### WHAT NEEDS TO BE DONE
From the listing below, return every line with the string "warm" in it.

··· RECORDS SHOWN ···

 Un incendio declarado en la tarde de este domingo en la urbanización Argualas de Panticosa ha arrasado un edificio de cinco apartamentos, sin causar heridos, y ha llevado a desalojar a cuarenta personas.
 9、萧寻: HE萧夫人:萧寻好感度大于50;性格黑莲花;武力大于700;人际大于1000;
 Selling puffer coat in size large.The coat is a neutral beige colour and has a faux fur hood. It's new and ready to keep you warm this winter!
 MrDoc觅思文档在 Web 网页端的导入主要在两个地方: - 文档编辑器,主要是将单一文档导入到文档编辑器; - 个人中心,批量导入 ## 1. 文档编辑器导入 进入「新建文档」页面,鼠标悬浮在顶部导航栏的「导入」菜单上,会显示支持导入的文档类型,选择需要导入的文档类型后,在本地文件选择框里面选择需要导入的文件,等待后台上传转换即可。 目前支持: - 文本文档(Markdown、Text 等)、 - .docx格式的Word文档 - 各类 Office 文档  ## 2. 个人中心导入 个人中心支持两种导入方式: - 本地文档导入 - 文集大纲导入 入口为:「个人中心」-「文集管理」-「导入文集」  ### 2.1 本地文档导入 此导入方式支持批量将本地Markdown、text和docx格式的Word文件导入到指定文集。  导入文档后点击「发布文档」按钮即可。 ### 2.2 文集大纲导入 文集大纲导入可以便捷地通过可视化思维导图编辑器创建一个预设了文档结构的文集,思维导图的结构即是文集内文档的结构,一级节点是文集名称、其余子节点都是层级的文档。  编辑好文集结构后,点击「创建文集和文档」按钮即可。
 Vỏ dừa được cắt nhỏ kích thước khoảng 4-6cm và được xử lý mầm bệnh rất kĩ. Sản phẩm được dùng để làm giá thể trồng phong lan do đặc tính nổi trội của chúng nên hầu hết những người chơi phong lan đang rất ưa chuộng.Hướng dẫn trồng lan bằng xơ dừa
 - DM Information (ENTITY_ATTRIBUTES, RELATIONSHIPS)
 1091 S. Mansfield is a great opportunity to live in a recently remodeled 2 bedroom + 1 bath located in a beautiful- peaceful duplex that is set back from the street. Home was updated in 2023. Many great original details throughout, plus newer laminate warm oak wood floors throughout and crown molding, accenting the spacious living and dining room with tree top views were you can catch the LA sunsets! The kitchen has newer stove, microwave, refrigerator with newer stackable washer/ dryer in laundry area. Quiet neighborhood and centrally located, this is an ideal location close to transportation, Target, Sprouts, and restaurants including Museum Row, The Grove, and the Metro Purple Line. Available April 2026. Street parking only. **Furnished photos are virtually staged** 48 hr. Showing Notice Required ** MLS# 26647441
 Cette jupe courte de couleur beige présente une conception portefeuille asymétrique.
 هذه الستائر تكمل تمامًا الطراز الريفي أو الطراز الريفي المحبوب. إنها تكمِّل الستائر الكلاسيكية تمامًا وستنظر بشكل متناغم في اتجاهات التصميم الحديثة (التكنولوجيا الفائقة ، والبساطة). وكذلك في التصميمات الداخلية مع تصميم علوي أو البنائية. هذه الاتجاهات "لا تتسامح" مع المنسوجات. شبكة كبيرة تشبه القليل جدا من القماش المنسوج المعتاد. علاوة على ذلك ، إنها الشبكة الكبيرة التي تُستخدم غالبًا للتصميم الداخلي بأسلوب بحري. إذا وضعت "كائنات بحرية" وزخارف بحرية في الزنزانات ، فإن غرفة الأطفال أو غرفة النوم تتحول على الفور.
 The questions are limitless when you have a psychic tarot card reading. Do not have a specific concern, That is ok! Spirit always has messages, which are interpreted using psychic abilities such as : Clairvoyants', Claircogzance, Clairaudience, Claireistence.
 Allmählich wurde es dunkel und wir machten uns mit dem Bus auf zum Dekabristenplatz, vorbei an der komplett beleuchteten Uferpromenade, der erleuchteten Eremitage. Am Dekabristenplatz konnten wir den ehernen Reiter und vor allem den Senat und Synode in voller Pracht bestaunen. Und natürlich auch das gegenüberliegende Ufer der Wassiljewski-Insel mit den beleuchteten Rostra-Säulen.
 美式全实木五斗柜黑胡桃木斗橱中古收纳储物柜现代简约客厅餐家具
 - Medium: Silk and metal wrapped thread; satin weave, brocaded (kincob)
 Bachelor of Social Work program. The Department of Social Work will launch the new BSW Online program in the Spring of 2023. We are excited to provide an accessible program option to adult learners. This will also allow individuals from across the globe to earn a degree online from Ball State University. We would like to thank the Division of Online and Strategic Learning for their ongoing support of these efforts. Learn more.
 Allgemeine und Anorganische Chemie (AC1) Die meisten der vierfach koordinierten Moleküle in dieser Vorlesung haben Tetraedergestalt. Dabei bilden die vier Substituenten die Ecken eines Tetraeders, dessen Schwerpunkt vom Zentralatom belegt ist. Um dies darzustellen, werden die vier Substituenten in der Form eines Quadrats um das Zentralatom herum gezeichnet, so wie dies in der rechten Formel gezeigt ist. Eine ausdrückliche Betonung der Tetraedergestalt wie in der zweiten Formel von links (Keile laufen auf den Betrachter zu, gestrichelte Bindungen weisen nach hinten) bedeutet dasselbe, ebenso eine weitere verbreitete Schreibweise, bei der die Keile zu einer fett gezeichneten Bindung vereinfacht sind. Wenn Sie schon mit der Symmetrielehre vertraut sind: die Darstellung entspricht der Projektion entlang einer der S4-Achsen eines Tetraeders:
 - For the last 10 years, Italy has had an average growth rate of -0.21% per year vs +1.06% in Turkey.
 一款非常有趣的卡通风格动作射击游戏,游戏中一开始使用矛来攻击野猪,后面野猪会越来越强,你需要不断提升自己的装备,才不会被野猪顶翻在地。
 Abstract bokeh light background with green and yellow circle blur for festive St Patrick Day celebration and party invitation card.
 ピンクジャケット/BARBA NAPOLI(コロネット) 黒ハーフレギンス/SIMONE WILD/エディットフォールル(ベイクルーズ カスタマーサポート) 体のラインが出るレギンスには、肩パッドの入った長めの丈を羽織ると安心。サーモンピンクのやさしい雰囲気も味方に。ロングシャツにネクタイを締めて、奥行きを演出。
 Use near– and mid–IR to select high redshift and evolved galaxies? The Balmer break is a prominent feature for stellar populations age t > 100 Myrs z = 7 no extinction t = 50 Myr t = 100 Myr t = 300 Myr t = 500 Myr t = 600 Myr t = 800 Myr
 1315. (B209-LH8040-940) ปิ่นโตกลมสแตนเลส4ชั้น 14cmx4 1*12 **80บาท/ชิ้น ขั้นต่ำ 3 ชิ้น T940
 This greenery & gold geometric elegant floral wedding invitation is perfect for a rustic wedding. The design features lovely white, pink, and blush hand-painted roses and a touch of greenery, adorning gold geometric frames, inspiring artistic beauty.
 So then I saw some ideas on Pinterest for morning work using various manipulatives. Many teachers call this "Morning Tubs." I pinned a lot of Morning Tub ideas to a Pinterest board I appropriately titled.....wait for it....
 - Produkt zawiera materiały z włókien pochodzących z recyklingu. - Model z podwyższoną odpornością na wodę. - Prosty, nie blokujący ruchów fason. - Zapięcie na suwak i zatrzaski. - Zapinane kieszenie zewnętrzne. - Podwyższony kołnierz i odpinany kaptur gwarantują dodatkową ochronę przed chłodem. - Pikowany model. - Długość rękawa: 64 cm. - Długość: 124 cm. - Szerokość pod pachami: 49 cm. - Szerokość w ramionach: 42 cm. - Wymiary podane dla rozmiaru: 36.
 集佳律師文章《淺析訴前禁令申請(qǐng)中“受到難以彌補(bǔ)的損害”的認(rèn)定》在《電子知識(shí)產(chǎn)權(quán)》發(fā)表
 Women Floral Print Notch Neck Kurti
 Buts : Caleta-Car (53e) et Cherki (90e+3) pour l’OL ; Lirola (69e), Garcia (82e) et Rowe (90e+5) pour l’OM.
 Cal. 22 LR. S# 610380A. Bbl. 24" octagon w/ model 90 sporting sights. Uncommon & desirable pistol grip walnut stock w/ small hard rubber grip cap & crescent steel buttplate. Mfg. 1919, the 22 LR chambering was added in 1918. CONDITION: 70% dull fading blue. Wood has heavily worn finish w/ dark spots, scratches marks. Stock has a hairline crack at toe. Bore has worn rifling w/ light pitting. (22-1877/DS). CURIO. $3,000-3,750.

···

### ANSWER TO THE EXERCISE
 Selling puffer coat in size large.The coat is a neutral beige colour and has a faux fur hood. It's new and ready to keep you warm this winter!
 1091 S. Mansfield is a great opportunity to live in a recently remodeled 2 bedroom + 1 bath located in a beautiful- peaceful duplex that is set back from the street. Home was updated in 2023. Many great original details throughout, plus newer laminate warm oak wood floors throughout and crown molding, accenting the spacious living and dining room with tree top views were you can catch the LA sunsets! The kitchen has newer stove, microwave, refrigerator with newer stackable washer/ dryer in laundry area. Quiet neighborhood and centrally located, this is an ideal location close to transportation, Target, Sprouts, and restaurants including Museum Row, The Grove, and the Metro Purple Line. Available April 2026. Street parking only. **Furnished photos are virtually staged** 48 hr. Showing Notice Required ** MLS# 26647441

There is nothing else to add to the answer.